Blog / December 14, 2020 / 2 mins read / By Suneet Agrawal

UIView ClickListener : Swift

Adding a click event to a UIView is something that is required most of the time. For views like UIButton, we can connect an IBAction with the event type and detect the click events but sometimes we need it for Lable or even other views.

If you try to add an IBAction to your view, you won’t get Action as an option while connecting it with ViewController.

The only possible way to add a click event on UIView is using UITapGestureRecognizer. You can either add an UITapGestureRecognizer using interface builder or you can do it programmatically.

/swift code in view controller

let gesture = UITapGestureRecognizer(target: self, action:  #selector(self.clickAction(sender:)))
self.myView.addGestureRecognizer(gesture)

func clickAction(sender : UITapGestureRecognizer) {
    // Do what you want
}

This way is a bit inefficient as we need to add one function for each view which will be clickable.
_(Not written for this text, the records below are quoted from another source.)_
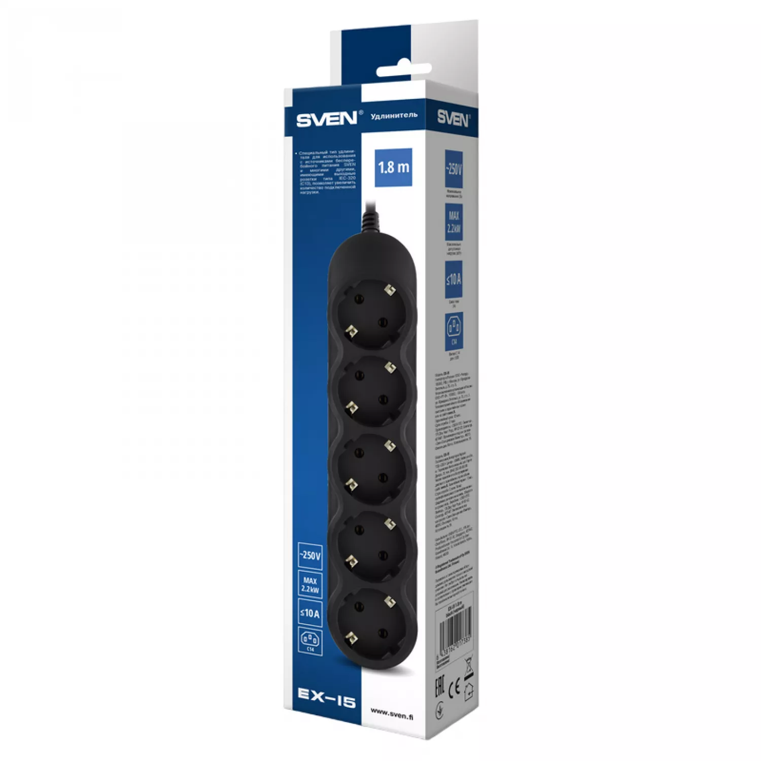 Характеристики для Сетевой фильтр SVEN EX-I5 Black, 1.8m, 5 Sockets, for UPS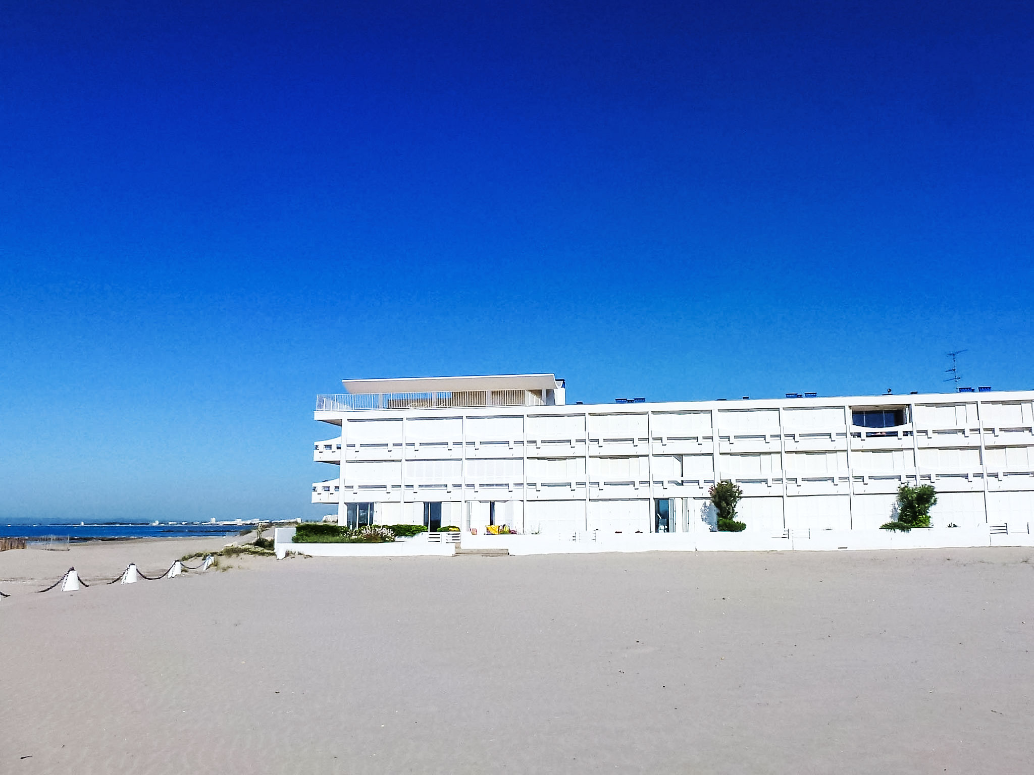 Residenz "La Résidence de la Mer". Im Ortsteil le Boucanet, am Ortsrand, 2 km vom Zentrum von le Grau du Roi, 5 m vom Meer, 10 m vom Strand. Zur Mitbenutzung: Schwimmbad (saisonale Verfügbarkeit: 01.Jul.-31.Aug.). Parkplatz (beschränkte Anzahl). Einkaufsgeschäft, Lebensmittelgeschäft 50 m, Supermarkt 1.5 km, Einkaufszentrum 1 km, Restaurant 50 m, Zentrum zu Fuss in 25 Minuten erreichbar, Bahnstation 3.5 km, Sandstrand "Booucanet" 10 m, Freibad 4.5 km, Thermalbad "Thalazur" 10 km. Reitstall 300 m. Nahe gelegene Sehenswürdigkeiten: Les Arènes du Grau du Roi 4.8 km, Seaquarium 5.6 km, Casino Flamingo 5.8 km, Aigues-Mortes 10 km, La Grande Motte 15 km, Nîmes 54 km. Wandergebiete: La réserve naturelle de Camargue. Bitte beachten: Fahrzeug empfohlen. Die Schlüsselübergabe findet bei der Agentur Interhome in Port Camargue statt, 7 km. Flugplatz 24 km vom Haus.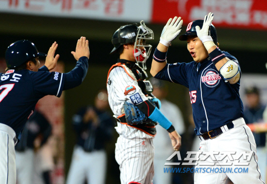 | 두산 양의지가 14일 부산 롯데전에서 9회 역전 투런포를 날린 후 전형도 코치와 양손 하이파이브를 하고 있다. 부산=송정헌 기자 songs@sportschosum.com |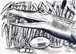 The 1911 Florida football team was the first to officially use the "Gators" nickname, though the exact timing and rationale behind the choice is unclear. The squad was captained by Neal "BoGator" Storter, and according to university lore and former UF historian Carl Van Ness, the team simply adopted his nickname.[4][5] However, Storter himself denied the story and stated the mascot originated when a reporter for the Macon Telegraph wrote "Macon to be invaded by a bunch of alligators" before Florida arrived in town to play the Mercer Bears in 1910.[5][6]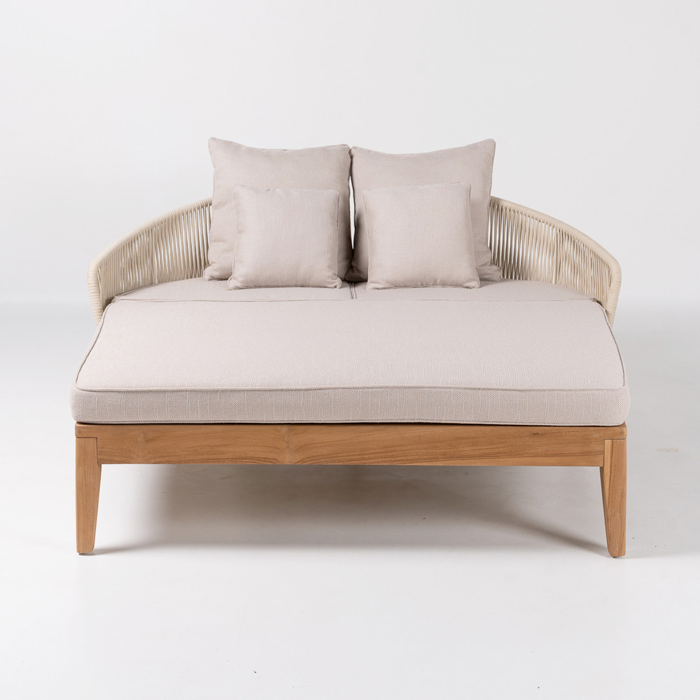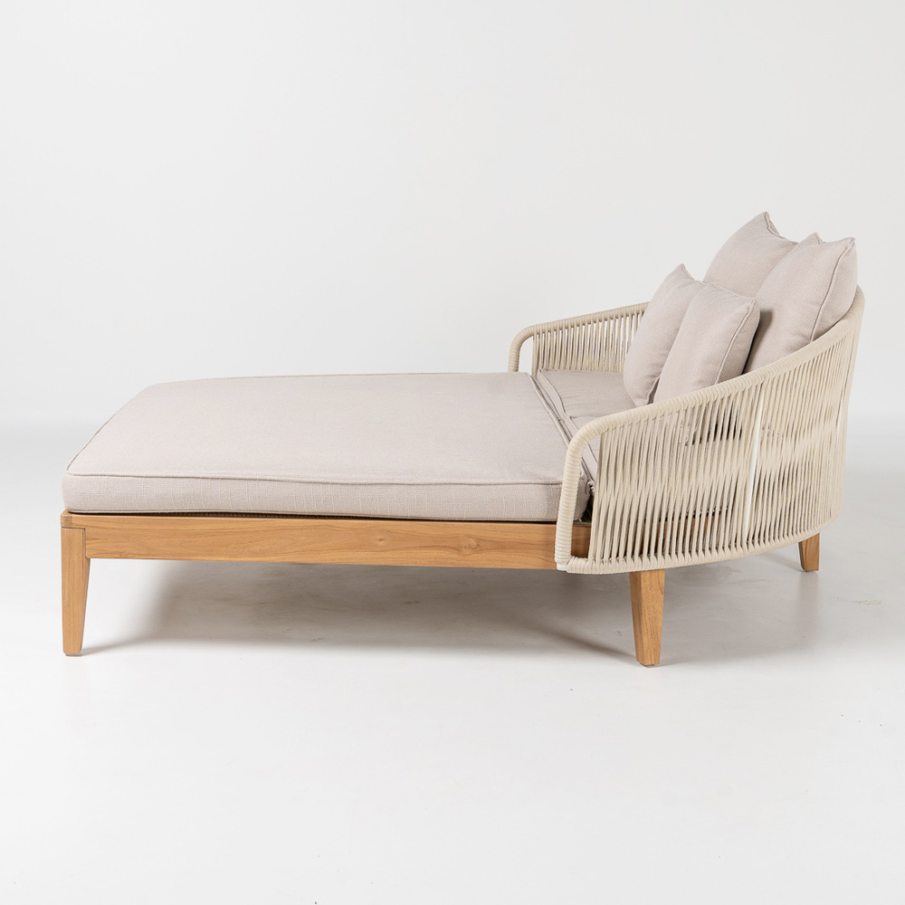 Todo el perfil está embellecido con un refinado tejido de cuerda de olefina/PP , elaborado magistralmente para garantizar no solo un impacto estético distintivo, sino también un alto rendimiento en términos de durabilidad, comodidad y resistencia a los rayos UV.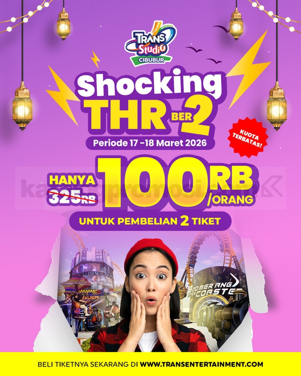 Promo Trans Studio Cibubur Shocking THR Tiket Rp. 100.000 per orang dengan minimal pembelian 2 tiket berlaku mulai tanggal 17 Maret 2026 – 18 Maret 2026.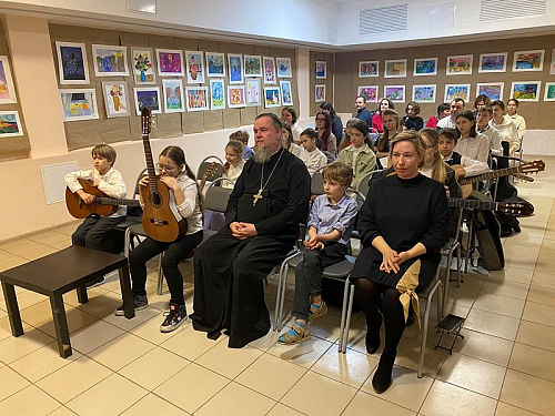 После открытия выставки состоялся концерт гитарной музыки. В Воскресной школе много лет был кружок игры на гитаре, под руководством Карпова Виктора Вячеславовича, в котором многие ребята получили первые навыки и развивали свои музыкальные способности. Выступило около десяти ребят. Их выступления сопровождались поддержкой зала и аплодисментами.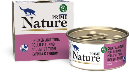 Prime Nature консервированный корм для кошек, курица с тунцом в бульоне , 85 гр. Prime Nature – 100% натуральная линейка влажных консервиронанных кормов приготовленная на пару из свежих и высококачественных ингредиентов. Супер-премиум корма для взрослых кошек и котят, в составе которых волокна (филе) мяса и рыбы, отобранные вручную. Рыба выловлена в открытом море, курица, выращенная без гормонов. Без ГМО, искусственных красителей, стимуляторов аппетита и ароматизаторов. Prime Nature производится в Таиланде. Разнообразие вкусов, рецептов и способов приготовления позволяет выбрать то, что наверняка оценят Ваши питомцы. Prime Nature дополнительное питание для котят любой породы — натуральное от природы. Состав: куриное филе 34,5%, тунец 26%, рис 4%, гуаровая камедь 0,1%. Набор ассорти PRIME Nature консервы корм для кошек ассорти 6 баночек разных вкусов и 12 банок разных вкусов. Комплектация: консервы (в железной банке) - 1 шт, 6 штук, 12 шт, 18 шт, 24 шт для собак и кошек. Страна производитель Таиланд.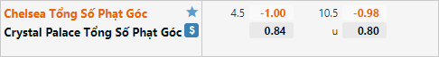 Tỷ lệ tài xỉu phạt góc của trận đấu đang được giữ ở mức 10 1/2, đây là mốc hơi cao so với mặt bằng chung của giải đấu. Theo thống kê thì trong 6 trận đối đầu gần nhất của hai đội chỉ có 2 lần ghi nhận nhiều hơn 10 tính huống phạt góc. Các trận đấu gần đây Chelsea cũng không tạo ra nhiều tình huống phạt góc, do lối chơi của họ không có nhiều tình huống treo bóng từ hai cánh và cũng không sở hữu nhiều cầu thủ chơi đầu tốt để sử dụng lối chơi đó. Nhiều khả năng trận đấu này cũng có kết quả tương tự khi Chelsea được dự đoán sẽ là đội chiếm ưu.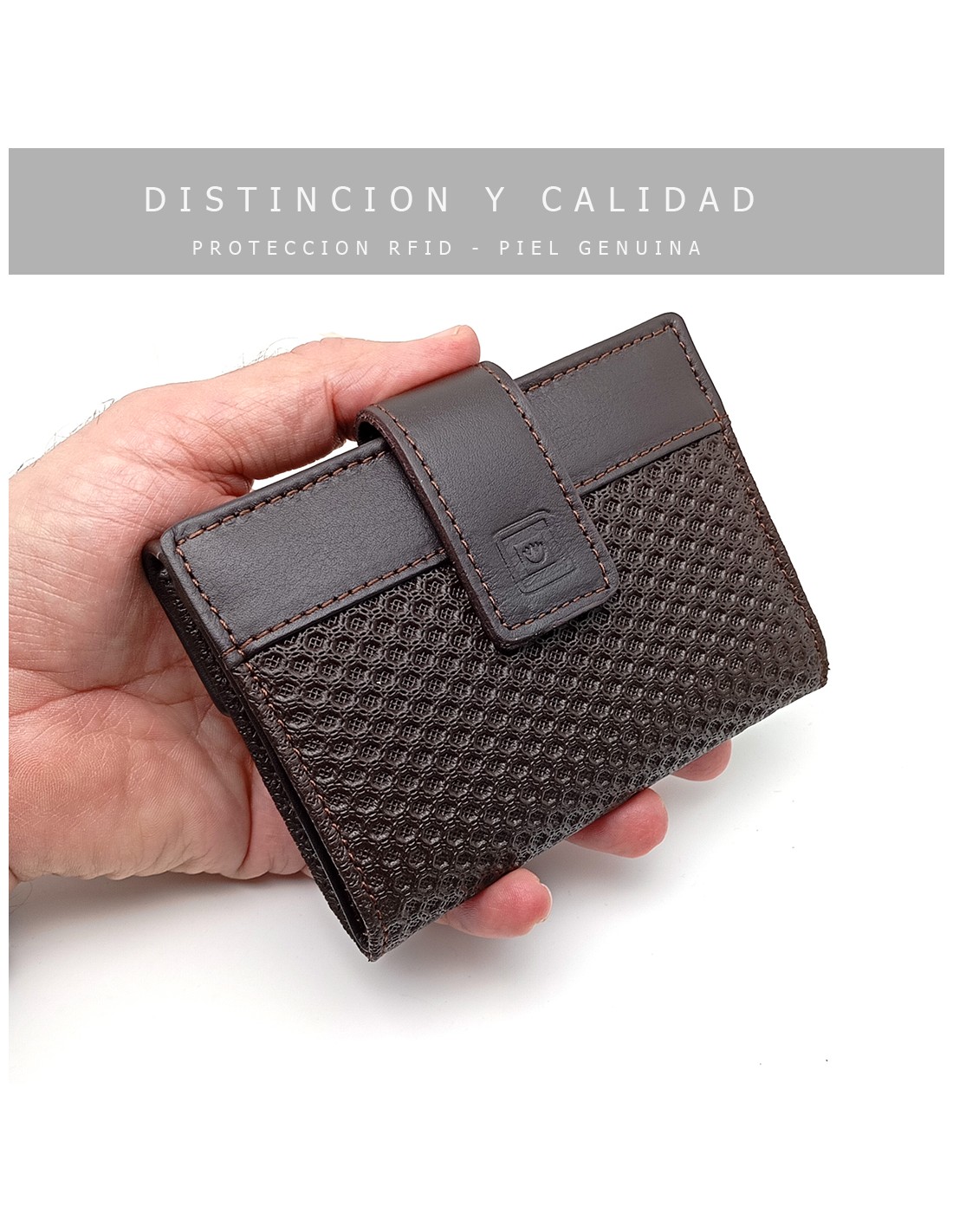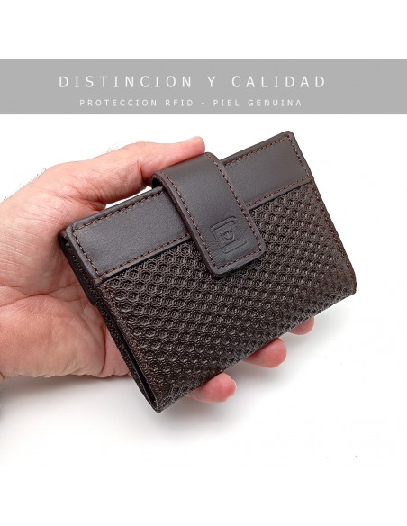 Monedero Billetero de Piel para Mujer Pequeño, HUELVA marron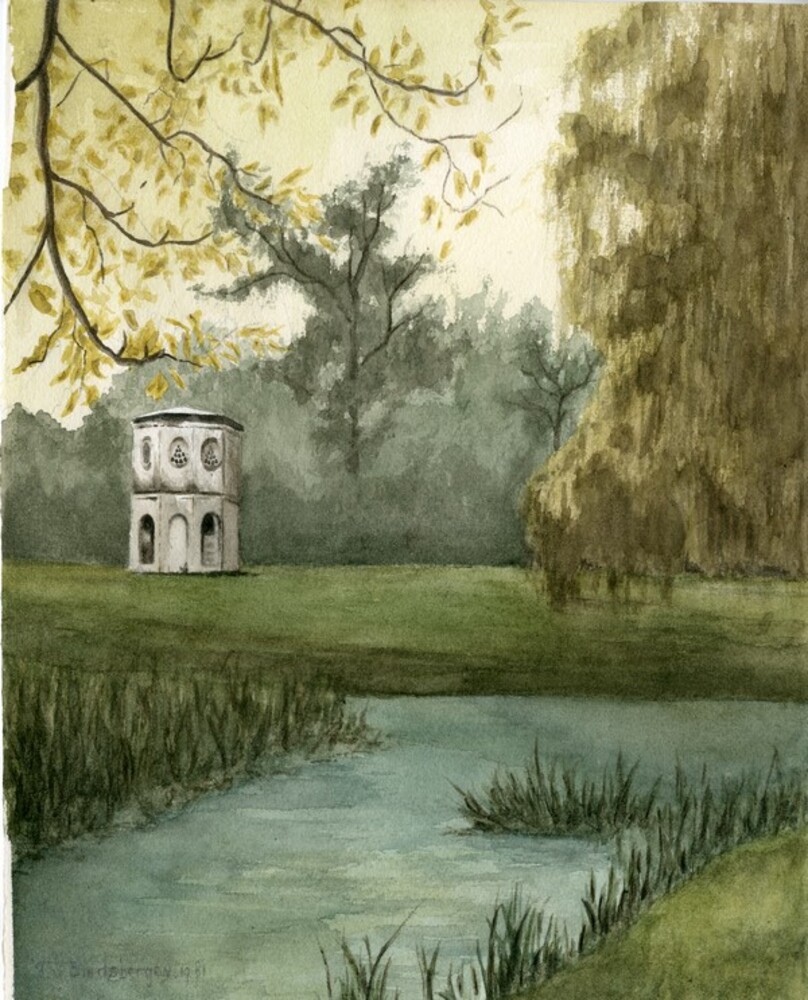 Aquarel voorstellende de duiventoren van kasteel Hal...

There is a better way where we can add this functionality to each view without making our class messy.

We can add this to the UIView extension itself which will be a very clean approach and will make our life super easy.

First, extend UITapGestureRecognizer and add a property to it which holds a function which takes 0 params and is of Void return type.

class ClickListener: UITapGestureRecognizer {
   var onClick : (() -> Void)? = nil
  }

Now create an extension to UIView class and add a method which takes an escaping type of variable which is the reference to a function which need to be run if the view clicked.

Create our ClickListener class object and add a selector to it. Add the passed argument to this ClickListener and add the gesture object to the view.

extension UIView {
	
    func setOnClickListener(action :@escaping () -> Void){
        let tapRecogniser = ClickListener(target: self, action: #selector(onViewClicked(sender:)))
        tapRecogniser.onClick = action
        self.addGestureRecognizer(tapRecogniser)
    }
	 
    objc func onViewClicked(sender: ClickListener) {
        if let onClick = sender.onClick {
            onClick()
        }
    }
	 
}

This took care of all the boilerplate code and added a simple public function to each view for click.

To call this function, simply call setOnClickListener to any view in your ViewController.

//swift code in view controller

view.setOnClickListener {
    print("view clicked")
}

No extra function required in ViewController and it will be very clean.